Vehicle sales – % change – profitable

Range Rover 47,290 (16.2) Yes

Range Rover Sport 74,277 (7.6) Yes

Range Rover Evoque 85,106 +24.7 Yes

Range Rover Velar 52,902 (18.4) Yes

Discovery 33,674 (17.5) No

Discovery Sport 74,568 (15.2) Yes

Defender 249 (new model) Yes

Jaguar XJ 3,535 (model run-out) No

Jaguar XF 11,726 (56.7) No

Jaguar XE 21,949 (27.9) No

Jaguar F-Pace 43,388 (17.6) Yes

Jaguar E-Pace 37,894 (18.9) No

Jaguar I-Pace 15,867 +40.0 Yes

Jaguar F-Type 6,234 (20.8) No

So, what does the company need to do as regards its model line-up?

CT: “It would seem that the Land Rover side of the business can do no wrong but I do question the need for the full size Discovery 5 vehicle, as it is now clearly blurred between Range Rover and Defender.

“So maybe Land Rover can get by with six vehicles in the range, with an opportunity for a £25k Baby Land Rover and a stripped out lower cost version of the new Defender (and maybe a pick-up truck) to drive utility sales.

“And I would not bother with a co-called Baby Range Rover leaving that market to the volume players.

“Clearly it is Jaguar where the most serious thinking is required. I would simply can the poor selling XF saloon and focus on electrifying the XJ, XE, J-Pace SUV and drop the F-Type sports car.

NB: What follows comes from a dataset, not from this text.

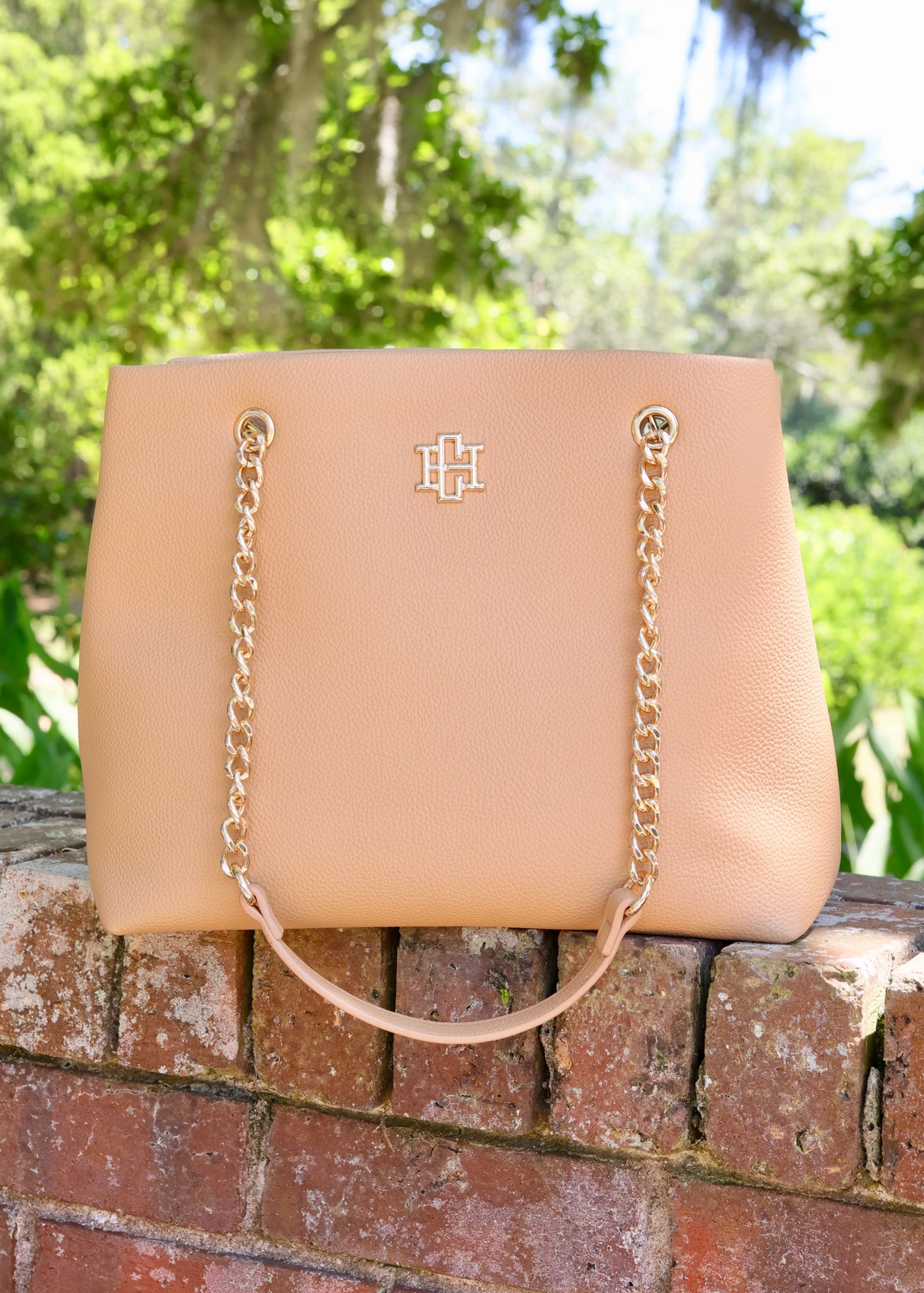 This chic tote is made with a soft, pebbled vegan leather material. It features the Caroline Hill logo centered on one side and two chain handles with matching pebbled material. This tote has a top magnetic closure that leads to the organized interior. It features a center zippered section and two large open sections as well. You will also find one zippered pocket and one large open pocket inside. An adjustable crossbody strap is included that is easily removable.

“Tesla have proved there is a strong global market for sporty and luxury electric saloon cars, and Jaguar have an opportunity to design some stunning looking high end vehicles with luxury interiors to capitalise on this demand.

“I would be sorely tempted to eventually drop the I-Pace, F-Pace and E-Pace Jaguar SUVs, leaving those market segments to Land Rover, who should focus on SUVs and definitely not succumb to the idea of more road orientated cars – just leave that job to Jaguar.

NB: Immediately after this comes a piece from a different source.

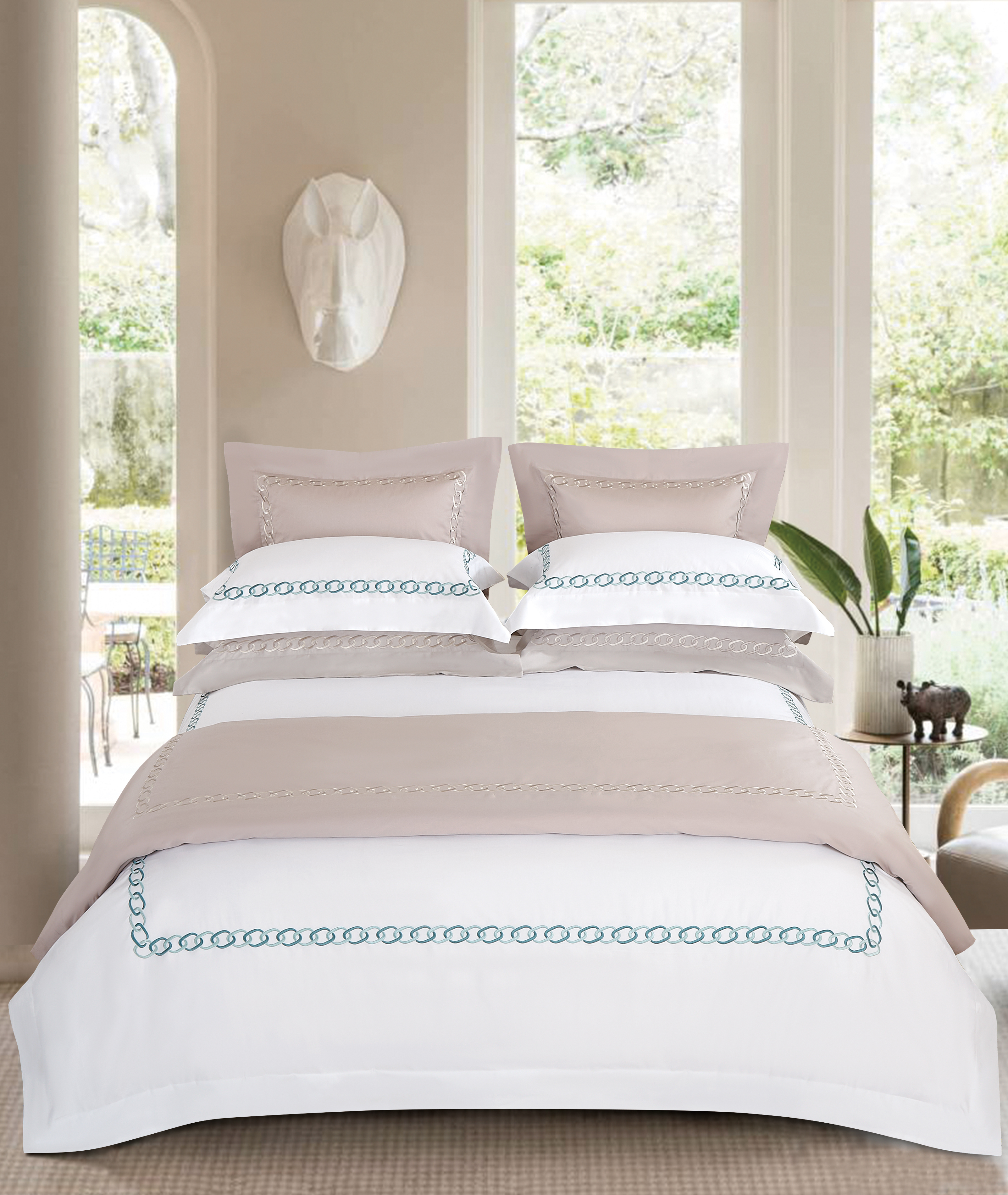 純棉貢緞面料1000TC酒店和家用系列140支純色現代簡(jiǎn)約風(fēng)刺繡四件套 - C019

“The four door electric XE saloon could go slightly larger than the current vehicle with a two door coupe and hatchback added to the range.”

Could partnerships be key going forward – perhaps even a tie-up with Tesla?

CT: “Interestingly the CEO of Tesla – Elon Musk – has recently said that he is open to licensing software and supplying batteries and electric drive units to other automakers.

“Tesla produces vehicles in the full size luxury sedan, compact executive sedan, mid-size SUV and compact crossover market segments.

“All areas of opportunity for Jaguar especially if the offer was extended to included platform sharing.

“This would then leave Land Rover to focus on the in-house MLA platform. And we know JLR are on the hunt for further significant collaborators.”